The Phoenix Suns have been giving up too many points of late and have been struggling defensively, they need a leader, and Deandre Ayton can be that.

The first place the Suns need Ayton to do more is on the defensive end. Some of the difficulty here is the scheme, which is almost exclusively man-to-man with many switches. Additionally, Ayton often gets burned when he comes over to play help defense, and his man gets a layoff and layup or a putback on the glass.

Improving Ayton’s defensive presence for the Phoenix Suns

Of course, step one in improving the defense is having the guards and wings keep people out of the lane so Ayton does not have to help, but there are two things Ayton himself can do that will improve his play and the teams on the defensive end and change the way the team transitions.

Ayton needs to be better with his hands to block more shots

We know Deandre is not Larry Fitzgerald and doesn’t have the softest hands; you don’t need soft hands on defense, but they have to be active. If you look at another Suns center Bismack Biyombo, he is always prepared defensively with his hands, and that preparation is manifest in more blocks.

Biyombo almost always has his hands up near his shoulders and, as a result, is ready to make plays.

Biyombo averages 4.4 blocks per 48 minutes this season compared to 1.2 for Ayton. Now Bizzy has more experience than Ayton, but Deandre is four inches taller and more athletic. He will be in a better position to play, help defense, and limits the opposition by simply keeping his hands up above his waist and near his shoulders.

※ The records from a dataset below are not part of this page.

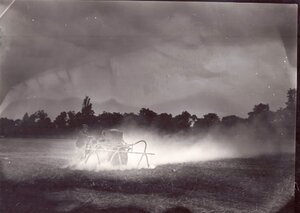 Zu sehen ist eine Maschine namens "Autofix" beim Stäuben. Es handelt sich hier um ein fahrbares Gerät, mit dem zum Beispiel Dünger oder Kalk auf die Äcker ausgebracht werden können. Das Foto stammt aus der ehemaligen Landes-Lehr- und Versuchsanstalt (LLVA) in Bernkastel Kues.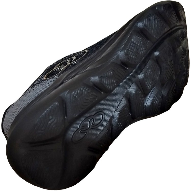 A palmilha em EVA com poliéster, além de anatômica, auxilia na ventilação dos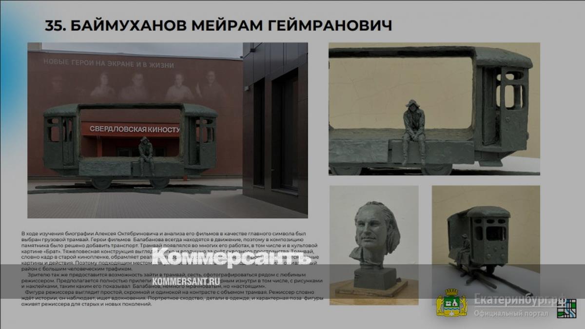 На эскизе победителя кинорежиссер сидит в пустом вагоне трамвая. «Имя Алексея Балабанова навсегда вписано в историю российского кино. У его фильмов есть истинно уральский дух»,— отметил мэр Екатеринбурга Алексей Орлов.

Playing with his hands down by his waist – like most of the team of late – reduces his size and effectiveness. A little attention to defensive basics can go a long way.

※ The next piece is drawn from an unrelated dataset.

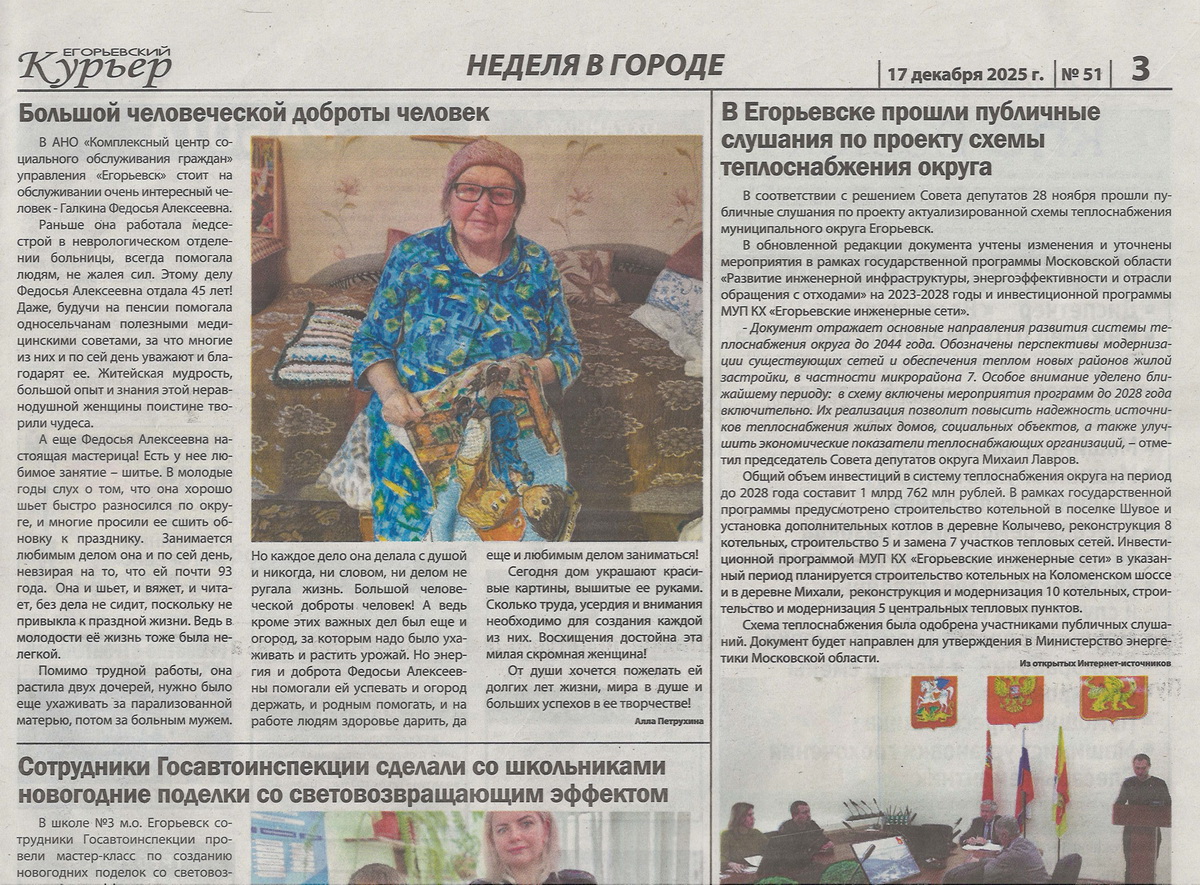 А еще, Федосья Алексеевна настоящая мастерица! Есть у нее любимое занятие – шитье. В молодые годы слух о том, что она хорошо шьет быстро разносился по округе, и многие просили ее сшить обновку к празднику. Занимается любимым делом она и по сей день. Она и шьет, и вяжет, и читает, без дела не сидит, поскольку не привыкла к праздной жизни.

Deandre needs to drive the Suns’ transition game

Ayton has been decent enough on the boards this season, averaging over 10 rebounds per game and 16 per 48 minutes. And while the offensive rebounds create more possessions, the defensive rebounds do not do all they can.

Most of the time, when Ayton gets a rebound, he turns around and hands the ball to Chris Paul or Devin Booker. An old-school coach like Bobby Knight or Pat Riley would likely bench Ayton and the guard for that behavior. Instead of handing the ball to the person closest to him, Ayton needs to rebound and then outlet the basketball.

Currently, teams are running too much against Phoenix, and the easiest way to stop that is to run back at them. The easiest way to create fast breaks and transition baskets – other than with turnovers – is with good outlets and quick ball movement up the court.

The day we see Ayton grab a rebound, turn and launch the ball down the court to a streaking DBook for an easy bucket, we will know he is taking that next step in his development. And with two easy moves, he can do more.